One of the things I appreciate about gardening is that it gets this seriously heat-averse gal outside in the most miserably hot temperatures, when my natural bent is to stay inside where it is cool and mosquito free.  It's been a lot warmer here than normal since March, but our truly miserable heat is expected come July, August and September.  The early part of October can even be hot here, though the humidity seems to lessen by then, making the heat more tolerable.  And the promise of the first frost and falling leaves makes October's hot days kind of nostalgic feeling.

When our boys were young, I'd take them to the public pool at least a couple of times a week during the hot summer; in one town we lived, we'd visit a nearby lake.  On days we didn't go to the pool or lake, we might pull out the sprinkler, or fill up water balloons.  Oh, and water guns - those were a favorite, I'm now remembering.  It seems to me that we all enjoyed summer.

When the boys got older, and going to a crowded public pool ceased to be as much fun, I think that's when a dislike of summer started to settle into me.  Summer became something to endure.  That's been my attitude for years now.  And I've always felt kind of bad about it.  To dislike a season that is responsible for providing much of the world's sustenance seems pretty ungrateful.

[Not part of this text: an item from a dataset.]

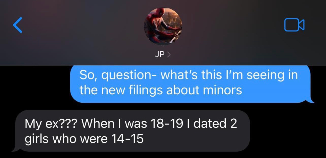 As part of his ongoing investigations into Miller, independent content creator Robbie Harvey obtained some of John-Paul Miller’s text messages – and at least one of them could be read as supporting facts presented in the Jane Doe lawsuits. In it, Miller claimed to have dated 14 and 15 year old girls when he was 18 or 19 years of age.

I don't know how long we'll live in this place that has a nice garden spot, asparagus and strawberry patches, and a couple of fruit trees.  We may live here longer than either of us has the strength or desire to garden.  I don't know the future.  I only have today.  And today, as much as I dislike getting all sweaty, or using bug spray, and taking more than one shower in a day, I'm realizing one of the great benefits gardening is to me, is that it gets me outside - pretty much every day.  And the biggest surprise is it also has made me not dislike summer quite so much.


When the temps here get to be 90 for a stretch of time, and it hasn't rained in over a month, I may still complain. A
sk me to travel south between the middle of June and the middle of October, and I'll probably groan.  And, if I absolutely have to attend an outdoor event on a hot, humid day (or evening), I'll consider it something to endure.  Yeah...  I don't think I've fully embraced summer and all its sweaty heat, but I don't seem to hate it (so much) anymore. For that, I am grateful.

And sometimes...  like today...  we get treated to a pop up rain storm that totally refreshes everything, cools things off.   In the spring, these showers are expected from time to time. In the summer, a shower like this feels like a gift.